Neue Kondensatormikrophone fur Rundfunk-Studios
(Mitteilung aus der Zentraltechnik des NWDR)

1. Zum Problem der Schallübertragung
Bei der Entwicklung von Mikrophonen für die Schallübertragungstechnik muss man von der Tatsache ausgehen, dass ein wesentlicher Unterschied zwischen der objektiv richtigen und der subjektiv günstigsten Schallaufnahme besteht.
Im ersten Falle kommt es allein darauf an, einen Schallvorgang möglichst getreu in elektrische Schwingungen umzusetzen.
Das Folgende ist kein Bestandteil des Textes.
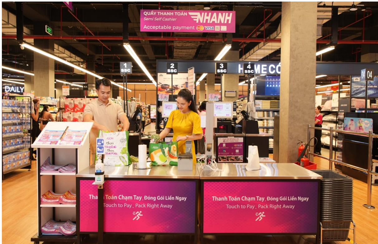
Quầy thanh toán nhanh tại Siêu thị AEON Bình Dương New City

Nhằm mang đến sự thuận tiện, nhanh chóng cho khách hàng theo xu hướng chuyển đổi số, tại AEON Bình Dương New City tích hợp các tiện ích công nghệ qua các trang thiết bị như: tủ chứa đồ thông minh, máy chọn món tự động, quầy thanh toán bán tự động.

Das bedeutet in dem allgemeinen Falle der Schallaufnahme in einem beliebigen Raum, dass das Mikrophon für alle Schalleinfallsrichtungen die gleiche Empfindlichkeit und möglichst kleine lineare und nichtlineare Verzerrungen haben muss.
Grundsätzlich anders aber liegen die Verhältnisse im Falle der subjektiv günstigsten Schallübertragung aus einem Raum in einen anderen.
Eine wirklich "naturgetreue" Schallübertragung ist schon deshalb nicht möglich, weil weder das Mikrophon als Aufnahmegerät noch der Lautsprecher als Schallgeber je imstande sein werden, die Eigenschaften des menschlichen Gehörs oder die Eigenschaften einer natürlichen Klangwelle vollkommen nachzubilden.
Hinzu kommen die grundsätzlichen und unvermeidbaren Unterschiede in den raumakustischen Eigenschaften zwischen Aufnahme und Wiedergaberaum, sowie zwischen ein- und zweiohrigem Hören. Die Schallübertragung kann somit nur das Ziel einer möglichst angenehm empfundenen Wiedergabe anstreben.
Die Beurteilung der Wiedergabegüte ist also in diesem Falle weitgehend subjektiv und daher äusserst schwierig. Darum ist es nicht verwunderlich, dass es an klaren Richtlinien sowohl für die Schallaufnahme als auch für die Schallwiedergabe-Technik fehlt.
Dem Mikrophon fällt also im Rundfunkbereich die Aufgabe zu, ein möglichst "günstiges" Klangbild aufzunehmen. Ist hier bereits ein Fehler begangen worden, so lässt er sich in den meisten Fällen im weiteren Zuge des Übertragungskanals nicht mehr korrigieren.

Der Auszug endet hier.